- Entries provided -
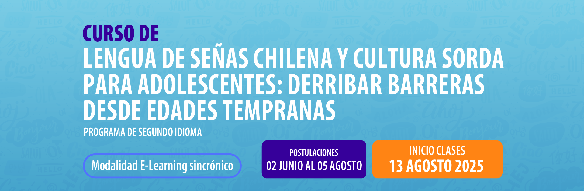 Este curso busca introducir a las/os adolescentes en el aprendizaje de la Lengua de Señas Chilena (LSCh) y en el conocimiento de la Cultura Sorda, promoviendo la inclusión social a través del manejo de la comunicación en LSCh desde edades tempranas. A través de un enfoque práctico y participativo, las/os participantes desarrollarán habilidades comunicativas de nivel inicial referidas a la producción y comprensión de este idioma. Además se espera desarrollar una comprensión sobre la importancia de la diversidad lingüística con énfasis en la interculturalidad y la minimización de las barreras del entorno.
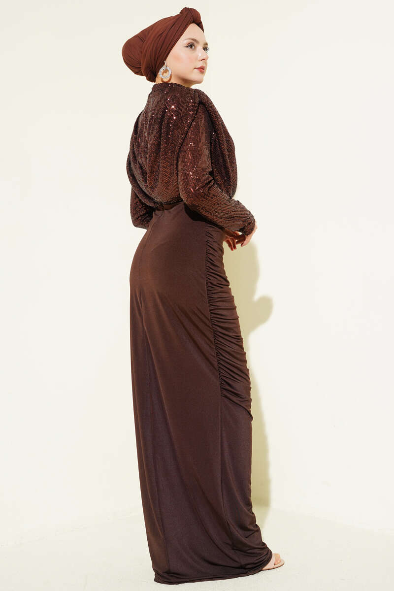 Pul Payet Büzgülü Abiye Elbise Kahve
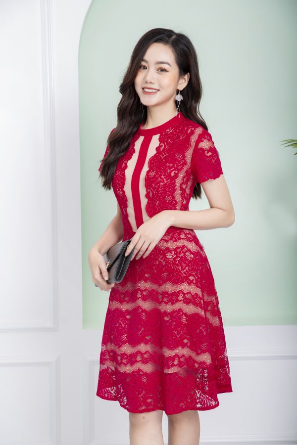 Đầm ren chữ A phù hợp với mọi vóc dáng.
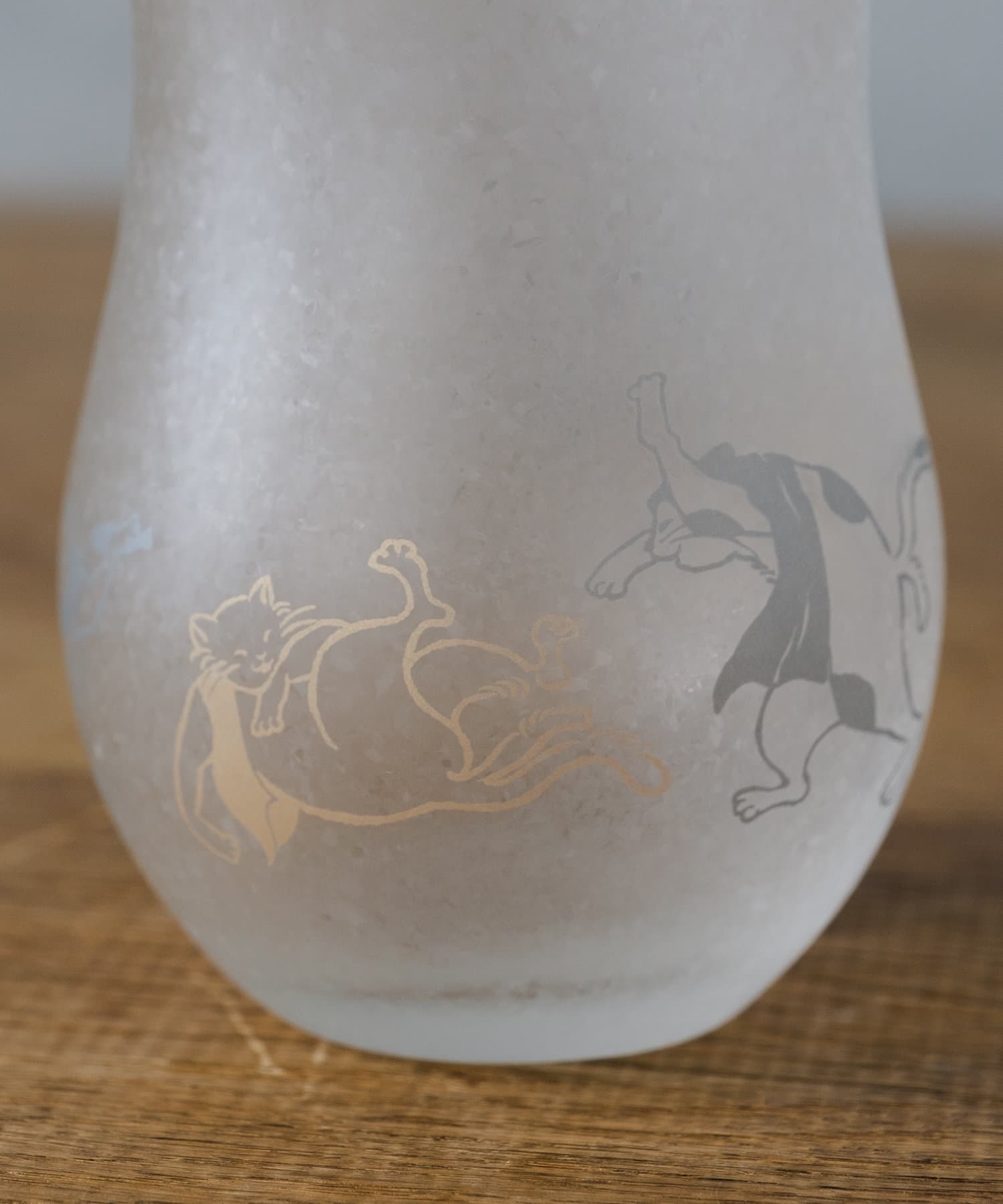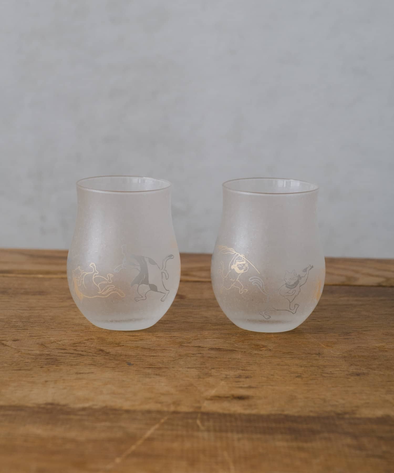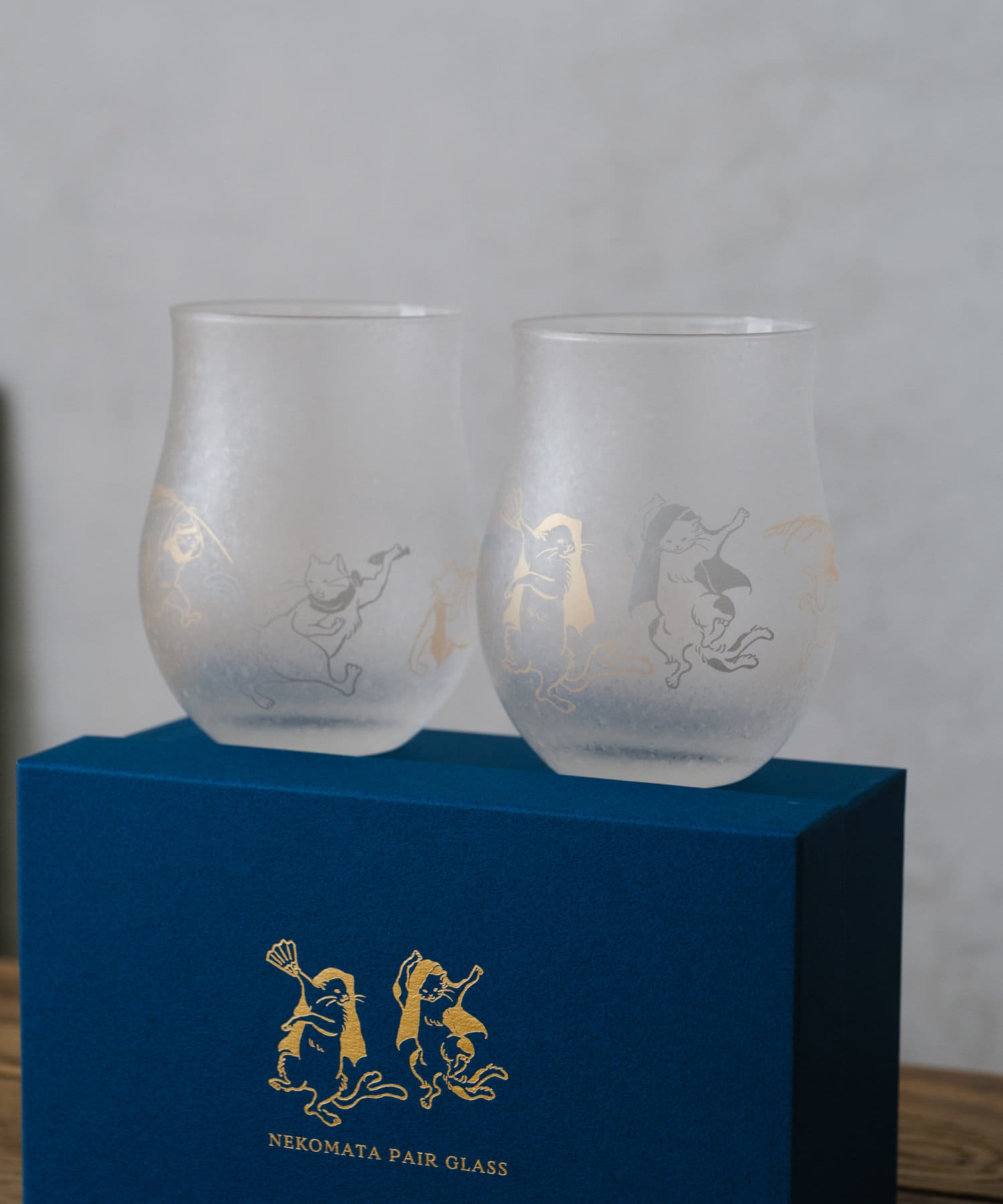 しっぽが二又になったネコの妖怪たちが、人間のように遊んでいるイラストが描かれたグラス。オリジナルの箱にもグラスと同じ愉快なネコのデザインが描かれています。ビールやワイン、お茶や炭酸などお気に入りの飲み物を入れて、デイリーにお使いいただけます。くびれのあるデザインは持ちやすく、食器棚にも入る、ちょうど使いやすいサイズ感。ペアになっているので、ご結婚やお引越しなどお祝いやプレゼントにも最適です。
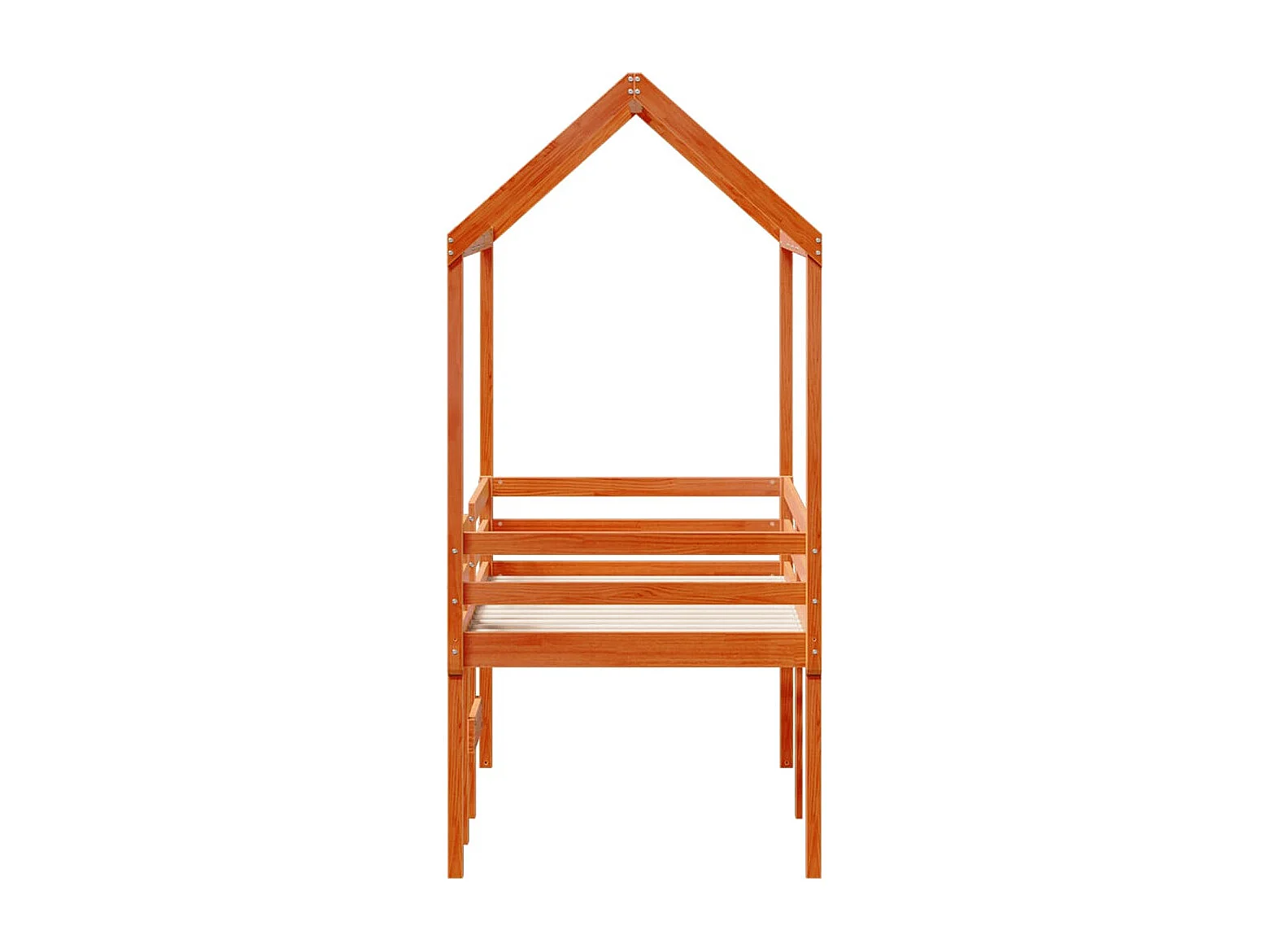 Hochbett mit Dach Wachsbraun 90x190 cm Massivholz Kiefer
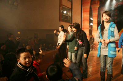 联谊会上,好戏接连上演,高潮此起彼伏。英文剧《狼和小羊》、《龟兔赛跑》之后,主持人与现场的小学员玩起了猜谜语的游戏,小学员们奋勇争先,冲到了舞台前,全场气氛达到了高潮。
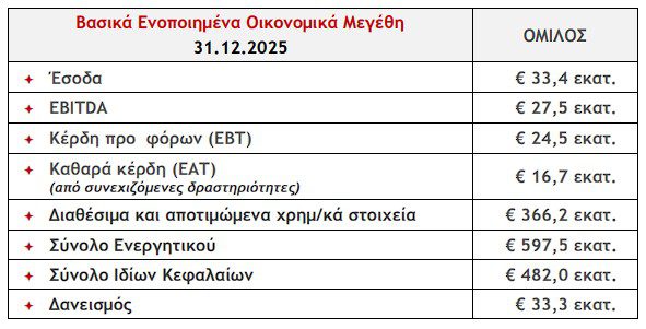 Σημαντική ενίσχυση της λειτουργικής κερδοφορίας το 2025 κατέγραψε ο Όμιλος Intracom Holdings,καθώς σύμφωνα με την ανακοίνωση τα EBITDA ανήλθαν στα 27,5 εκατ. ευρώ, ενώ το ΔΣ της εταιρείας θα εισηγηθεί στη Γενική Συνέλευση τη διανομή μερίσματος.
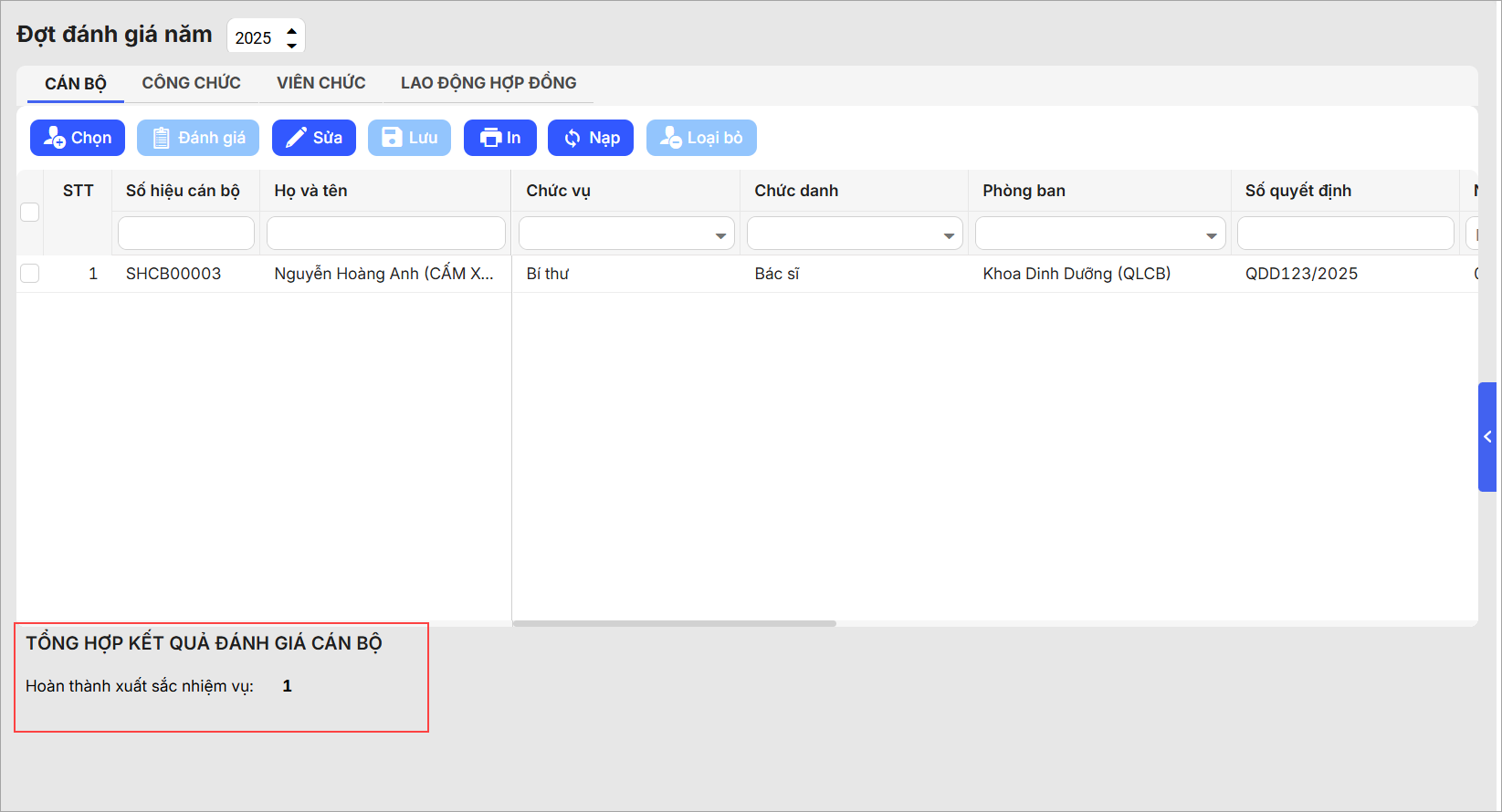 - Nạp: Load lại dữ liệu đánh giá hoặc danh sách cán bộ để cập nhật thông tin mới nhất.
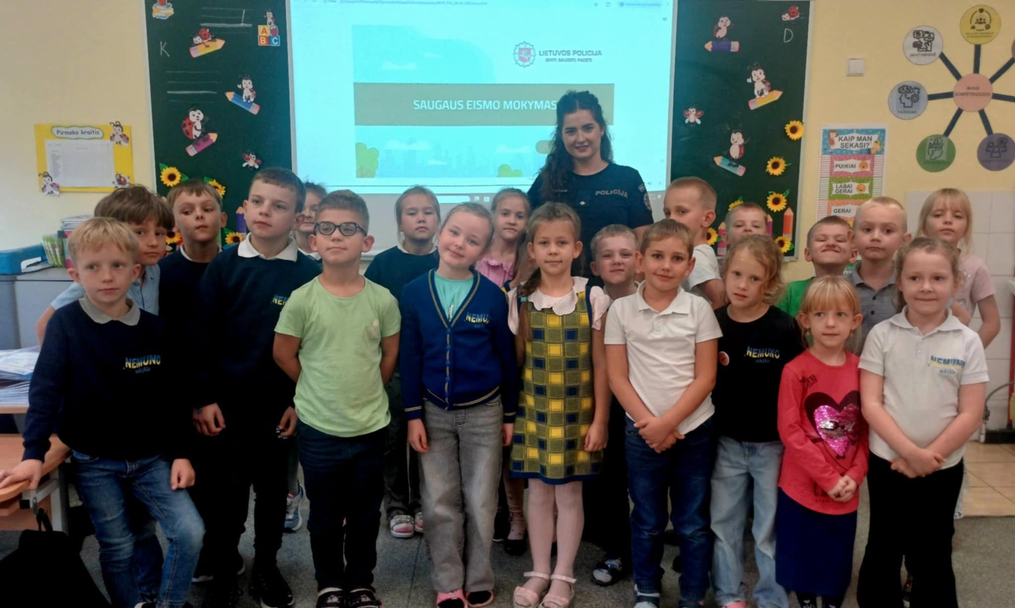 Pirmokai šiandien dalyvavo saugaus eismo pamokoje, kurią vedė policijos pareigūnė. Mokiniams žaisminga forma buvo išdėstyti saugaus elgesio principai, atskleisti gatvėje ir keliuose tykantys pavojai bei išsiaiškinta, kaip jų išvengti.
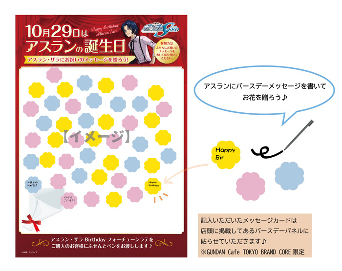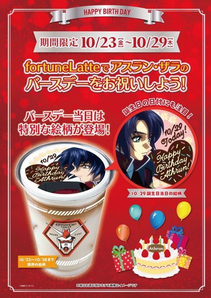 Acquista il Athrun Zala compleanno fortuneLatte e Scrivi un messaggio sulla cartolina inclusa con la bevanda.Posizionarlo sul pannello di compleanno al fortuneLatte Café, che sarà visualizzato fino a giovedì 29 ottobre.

- What the task asks -
Look above for the line with "联谊会上,好戏接连上演,高潮" and the line with "- Nạp: Load". Copy them and every line between, exactly, but no pictures.

- Response box -
 联谊会上,好戏接连上演,高潮此起彼伏。英文剧《狼和小羊》、《龟兔赛跑》之后,主持人与现场的小学员玩起了猜谜语的游戏,小学员们奋勇争先,冲到了舞台前,全场气氛达到了高潮。
 Σημαντική ενίσχυση της λειτουργικής κερδοφορίας το 2025 κατέγραψε ο Όμιλος Intracom Holdings,καθώς σύμφωνα με την ανακοίνωση τα EBITDA ανήλθαν στα 27,5 εκατ. ευρώ, ενώ το ΔΣ της εταιρείας θα εισηγηθεί στη Γενική Συνέλευση τη διανομή μερίσματος.
 - Nạp: Load lại dữ liệu đánh giá hoặc danh sách cán bộ để cập nhật thông tin mới nhất.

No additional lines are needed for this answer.